## Legendre’s Symbol

### May 1, 2012

Here are our new versions of the jacobi and legendre symbols, which combine the rules given above into a single function:

`(define (jacobi a m)`

(if (not (integer? a)) (error 'jacobi "must be integer")

(if (not (and (integer? m) (positive? m) (odd? m)))

(error 'jacobi "modulus must be odd positive integer")

(let loop1 ((a (modulo a m)) (m m) (t 1))

(if (zero? a) (if (= m 1) t 0)

(let ((z (if (member (modulo m 8) (list 3 5)) -1 1)))

(let loop2 ((a a) (t t))

(if (even? a) (loop2 (/ a 2) (* t z))

(loop1 (modulo m a) a

(if (and (= (modulo a 4) 3)

(= (modulo m 4) 3))

(- t) t))))))))))

Although we’ve rearranged things, this code faithfully executes the six rules; it is interesting to trace from the rules to the code. The time complexity is about the same as taking a gcd, so it’s very fast. The legendre symbol is shown below:

`(define (legendre a m)`

(if (prime? m) (jacobi a m)

(error 'legendre "modulus must be prime")))

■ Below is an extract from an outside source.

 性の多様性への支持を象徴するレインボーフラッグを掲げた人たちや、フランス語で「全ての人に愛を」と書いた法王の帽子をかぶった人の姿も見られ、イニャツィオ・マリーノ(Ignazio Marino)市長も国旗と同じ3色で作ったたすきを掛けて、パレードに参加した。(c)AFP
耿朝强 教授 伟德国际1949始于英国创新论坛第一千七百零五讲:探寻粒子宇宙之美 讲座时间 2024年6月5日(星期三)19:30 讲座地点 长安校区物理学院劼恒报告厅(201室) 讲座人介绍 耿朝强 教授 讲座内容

And here are some tests; the first two failed on the old version of `jacobi`

:

`> (jacobi -1 7)`

-1

> (jacobi 3 3)

0

> (jacobi 127 703)

-1

You can run the program at http://programmingpraxis.codepad.org/6uVnD0RR.

I first tried translating this to a completely iterative algorithm, but it was becoming a mess.. I also couldn’t think of a better way to reduce the rule 3 logic.

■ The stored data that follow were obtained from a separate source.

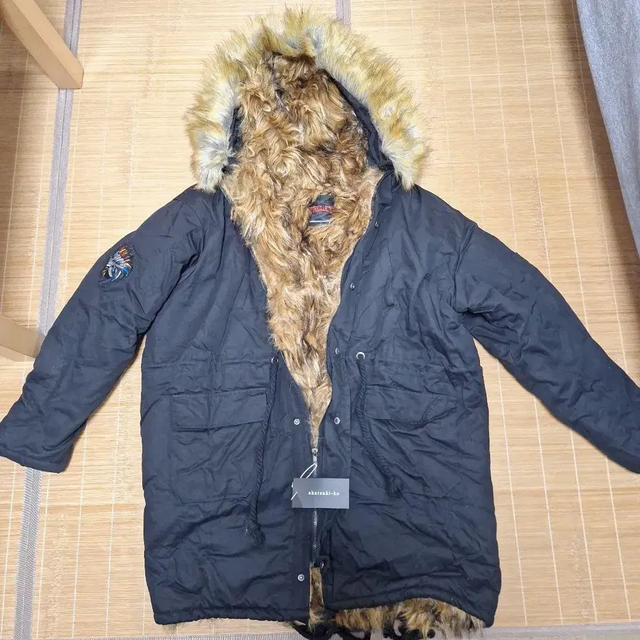 퍼 후드와 인디언 헤드 자수가 특징인 블랙 모즈 코트. - 브랜드: akatsuki-ko - 색상: 블랙 - 특징: 퍼 후드 - 택: 택 포함 새상품 - 디자인: 인디언 헤드 자수 방문해 주셔서 감사합니다.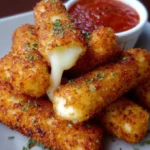 Serve these mozzarella sticks hot and crispy. Place them on a platter with a bowl of homemade marinara sauce for dipping. They are perfect for parties, game days, or a fun family snack.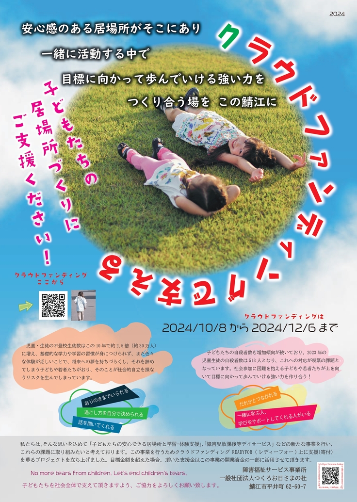 キャッチフレーズは「クラウドファンディングで支える・子どもたちの居場所づくりにご支援ください!」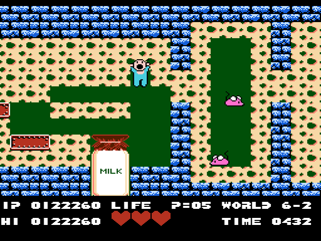 Wie ihr es anhand unserer Screenshot-Galerie bereits erahnen könnt, spielt Upas Abenteuer auch technisch in der oberen Liga des Famicoms mit, insbesondere wenn man das Ersterscheinungsjahr des Titels beachtet. Nicht nur von tollen Farbpaletten wurde für die kunterbunten Welten Gebrauch gemacht, sondern auch die niedlichen, im Animé-Stil herrlich überzeichneten Animationen der einzelnen Figuren wissen zu überzeugen. Die Detailverliebt macht sich ebenfalls in den Hintergründen bemerkbar, so dass sich grafisch ein wunderbares Gesamtbild ergibt, dass stets ohne Framerate-Einbrüche oder Sprite-Flackern auskommt. Die euphorisch anmutende Musik untermalt das bunte Treiben in den Fantasiewelten absolut stimmig und hilft durch seine neckischen Kompositionen sogar über den einen oder anderen Frustmoment hinweg. Lediglich ein paar mehr Musikstücke hätte dem Spiel gut zu Gesicht gestanden, da insbesondere das Standardoberwelt-Theme etwas zu häufig bemüht wird und sich entsprechend früh ins diesbezüglich bereits geschundene Gamerhirn auf ewig einzubrennen droht.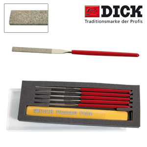 Diamond needle files assortment from DICK in practical storage box. Ideal special files for machining hardened steels, hard metal, ceramics, procelain and glass. A low contact pressure is sufficient to work quickly and accurately with these files.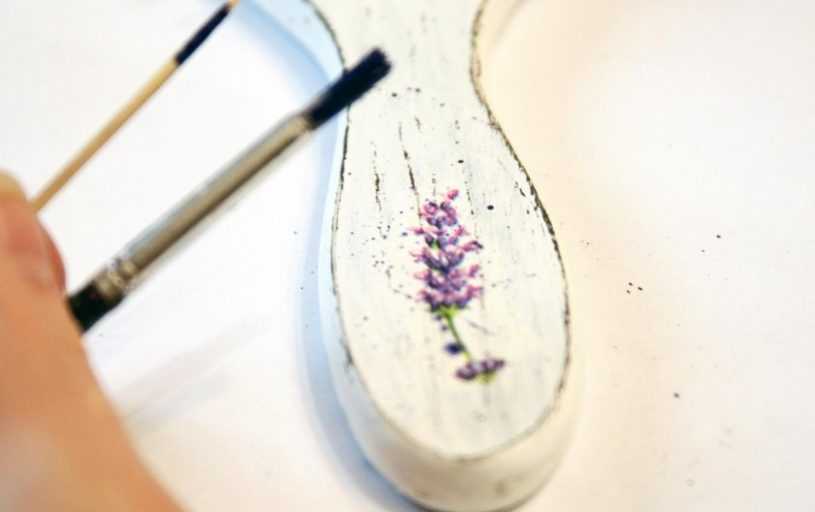 Затем, берется краска на основе акрила нужного тона, с помощью которой осуществляется подкрашивание определённых участков вблизи наклеенного мотива. Также здесь вы можете нарисовать дополнительные элементы. В данном мастер-классе это листья.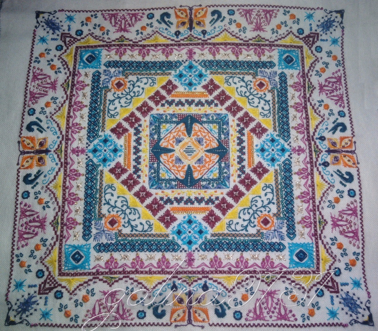Другие виды вышивкиФрагмент вы уже видели)))А я покажу вам полный отшив по схеме .Лично я представила эту схему именно в такой цветовой гамме(конечно,по ходу что-то меняла)!Результатом довольна,теперь буду думать как это оформить!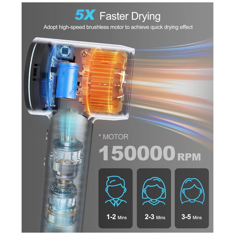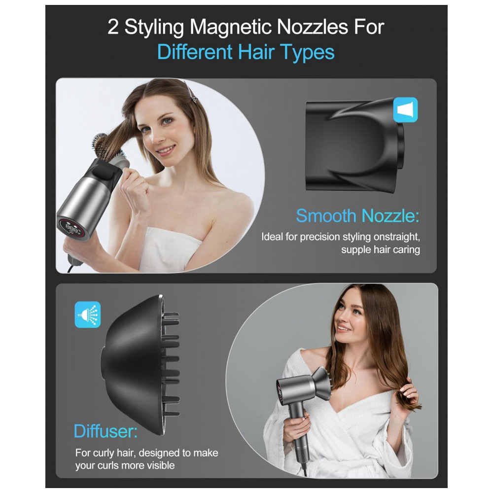 Secador de Cabelo Iônico Negativo com Motor sem Escova de 150.000 RPM para Secagem Rápida Baixo Ruído Display HD Difusor e Bico de Concentração 5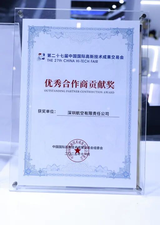 作为 “深圳国际航空枢纽唯一运营人” 与 “高交会官方指定航空服务合作伙伴”,深航受邀入驻大会 9 号 “国之重器科技巨头产业链” 展馆现场,设立专属展位,3 天吸引近 20 万人次前来展台参观,全方位展示了企业在航空科技、旅客服务与品牌创新方面的最新成果,获得市、局及组委会的高度肯定,并被授予 “优秀合作商贡献奖”。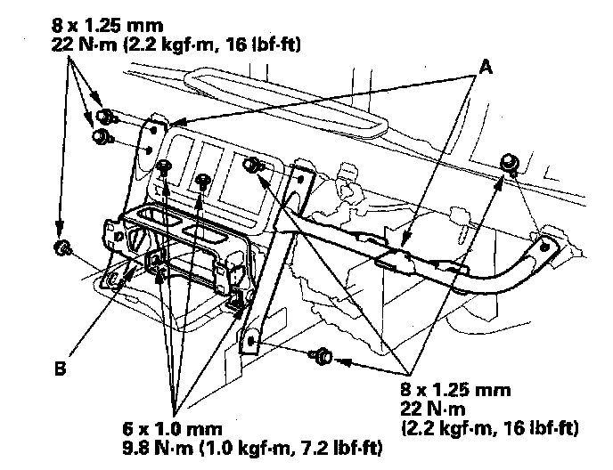 10. Remove the mounting bolts, the center brackets (A), and the audio brackets (B).

Ardnew: the usual iterative solution looks like this:

`a = a mod m;`

t = 1;

while (a != 0) {

while (a even) {

a = a / 2;

if (m mod 8 in {3,5}) t = -t;

}

(a,m) = (m,a) // swap variables

if (a === m === 3 (mod 4)) t = -t

a = a mod m;

}

if (m == 1) return t;

return 0;

very nice! always seems so simple once you see the answer…

also, there’s a bug in my code that doesn’t reapply rule 5 when rule 6 is evaluated. I’m not familiar enough with the math to prove this behavior is incorrect though

In a private email, Mike pointed out that I missed the

`else`

clause in Rule 6. It is now fixed.An iterative Python version:

Mike, a couple comments:

a) I love that 3-way equality condition in rule 6. Never seen that before :)

b) Can you explain the behavior of the expression: “if t&1 and m%8 in (3, 5)”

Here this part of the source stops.